Characteristics of Public, Private, and Bureau of Indian Education Elementary and Secondary School Principals in the United States:
NCES 2009-323
June 2009

Selected Findings

  • In 2007–08, there were an estimated 118,610 school principals in the United States; 90,470 were public school principals, 27,960 were private school principals, and 170 were BIE-funded school principals (table 1).

  • Among public school principals, 81 percent were non-Hispanic White, 11 percent were non-Hispanic Black, and 7 percent were Hispanic. Among private school principals, 87 percent were non-Hispanic White, 7 percent were non-Hispanic Black, and 4 percent were Hispanic (table 2).

  • About 50 percent of public school principals and 53 percent of private school principals were female (table 3).

  • Among public schools, more principals held a master's degree (61 percent) as their highest degree than a bachelor's degree or less (1 percent) or an education specialist/professional diploma (29 percent) or a doctorate/first professional degree (8 percent).

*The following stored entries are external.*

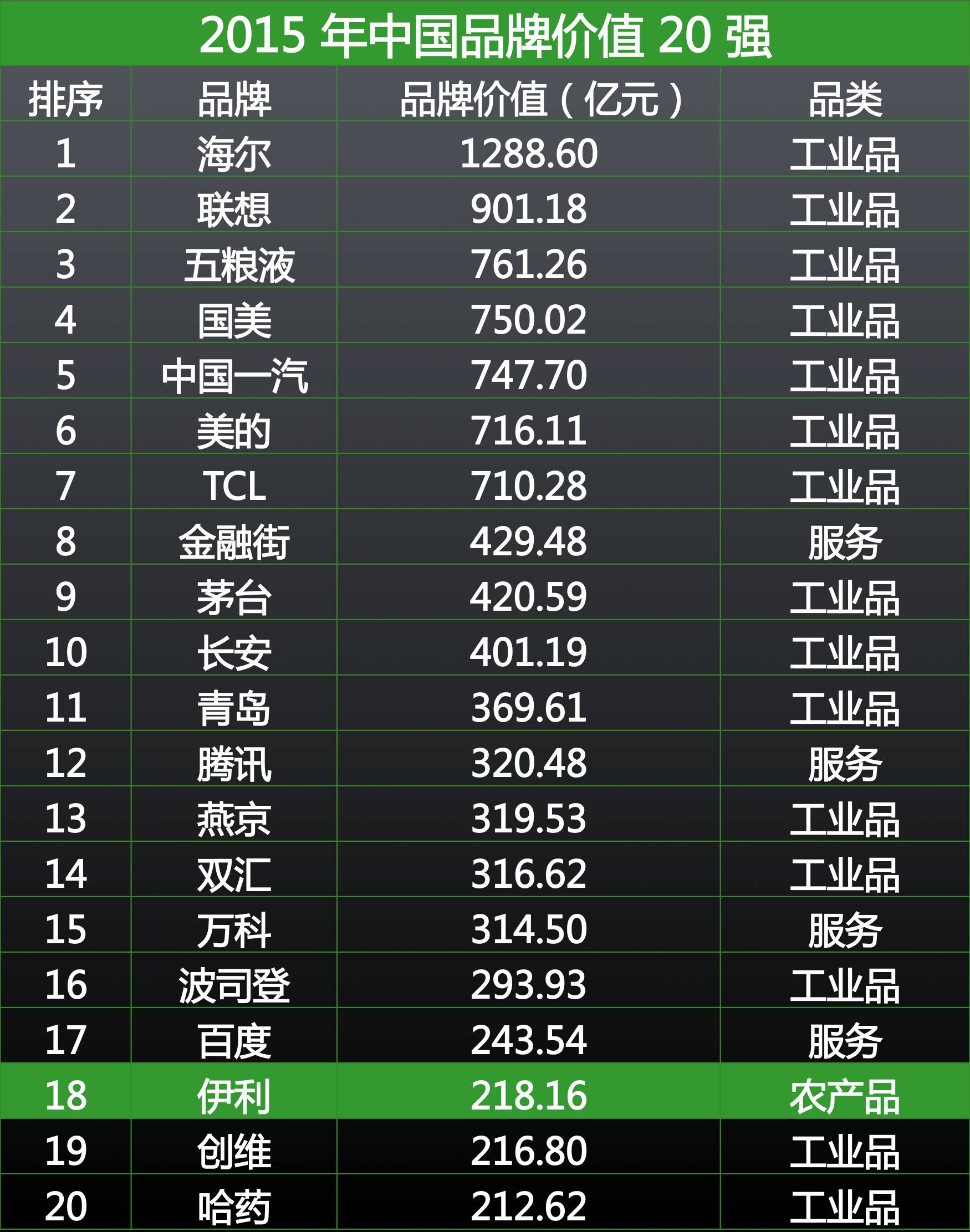 ▲ 在 2015 中国品牌价值 20 强中,伊利是唯一的农产品品牌。来源:中商情报网
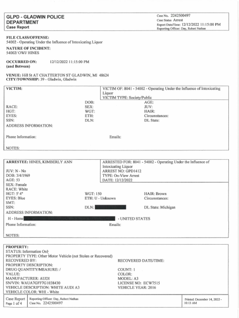 Beaverton City Manager Kimberly Hines Arrest Report PDF
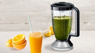 En bolle med en kapasitet på 3,9 liter kan romme opptil 1,5 kg deig. Med den høykvalitets Tritan-blenderen på 1,5 liter kan du enkelt lage smoothies og cocktails helt uten klumper eller biter.
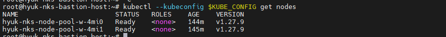 다음과 같이 정상적으로 ncp-iam-authenticator와 ncloud cli를 이용하여 노드 정보를 가져올 수 있는 것을 확인할 수 있습니다.
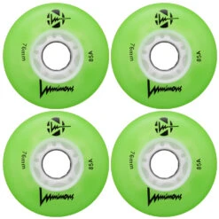 LUMINOUS LED LIGHT UP INLINE SKATE WHEELS GREEN 76 MM – SET OF 4
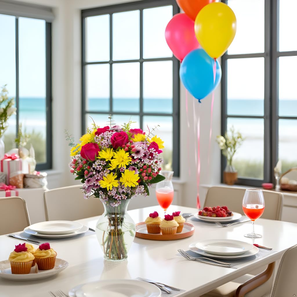 Celebrate the beauty of the season with this fresh Easter bouquet, thoughtfully designed with a soft, garden-inspired palette. Featuring pink roses, solidago, waxflower, pompoms, hypericum, curly willow, and eucalyptus, this arrangement offers a balanced mix of color, texture, and natural movement. Each stem is carefully selected and shipped fresh in protective packaging to ensure quality upon arrival. A clear glass vase is included for easy, ready to display enjoyment. Perfect for Easter gatherings, spring décor, or thoughtful gifting, this bouquet brings a light, cheerful touch to any space. For best results, trim stems and place in fresh water upon arrival.
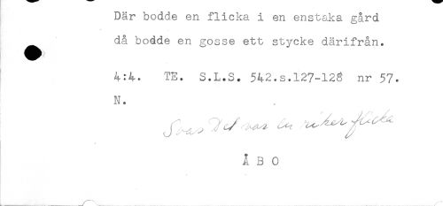 //// Där bodde en flicka i en enstaka gård //// då bodde en gosse ett stycke därifrån. //// 4:4. TE. S.L.S. 542.s.127-126 nr 57. //// N. //// * //// ÅBO //// - ////
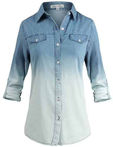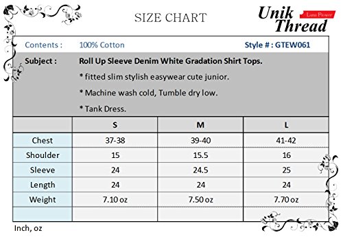 -. Binding : Apparel -. Brand : Luna Flower -. Department : womens -. Feature : FEATURES: These denim shirts are ALL long sleeve, collared neck, button ended and comfortable. / GARMENT CARE: Machine wash cold and do not bleach / SIZE: Please refer to the size chart we provided to find the right fit for you. Do not use Amazon size chart as reference. / ATTENTION: These denim shirts run smaller than normal! It is NOT standard US size. We recommend ordering a size up if you are looking for US size. / COLOR DISCLAIMER: All products are representation of the actual products. We strive to display every product as accurate as possible. However, we cannot guarantee the colors are exactly same as the actual products due to many factors such as lighting and monitor settings. -. ProductGroup : Apparel -. ProductTypeName : SHIRT -. Title : Luna Flower Women's Roll Up Sleeve Denim Checker Flannel Shirt Tops
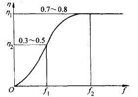 (1)对于一定尺寸的工件和感应器来说,所选择的电流频率不应低于某一数值f1,否则工件只能加热到失磁点左右的温度,见图9 。

Among private schools, more principals held a master's degree (50 percent) as their highest degree earned, compared to those with a bachelor's degree or less (33 percent) or an education specialist/professional diploma (10 percent) or a doctorate/first professional degree (7 percent) (table 4).

  • The average annual salary of public school principals was $85,700. Principals in public secondary schools earned more ($90,300) than principals in public elementary schools ($85,200) and in public combined schools ($75,800). Among private school principals, the average annual salary was $57,500. Principals in private secondary schools earned more ($75,100) than principals in private elementary schools ($55,500) and in private combined schools ($55,100) (table 5).

  • On average, public school principals spent 58.4 hours per week on all school-related activities, including 20.8 hours per week interacting with students. Private school principals, on average, spent 53.6 hours per week on all school-related activities, including 19.2 hours per week interacting with students (table 6).

  • Public school principals had, on average, 7.5 years of experience as a principal, of which 4.2 years were spent in their current school. Private school principals had, on average, 10.0 years of experience as a principal, of which 6.8 were spent in their current school (table 7).

  • About 90 percent of public school principals reported having a major influence on hiring new full-time teachers at their school, while 94 percent of private school principals reported the same (table 8).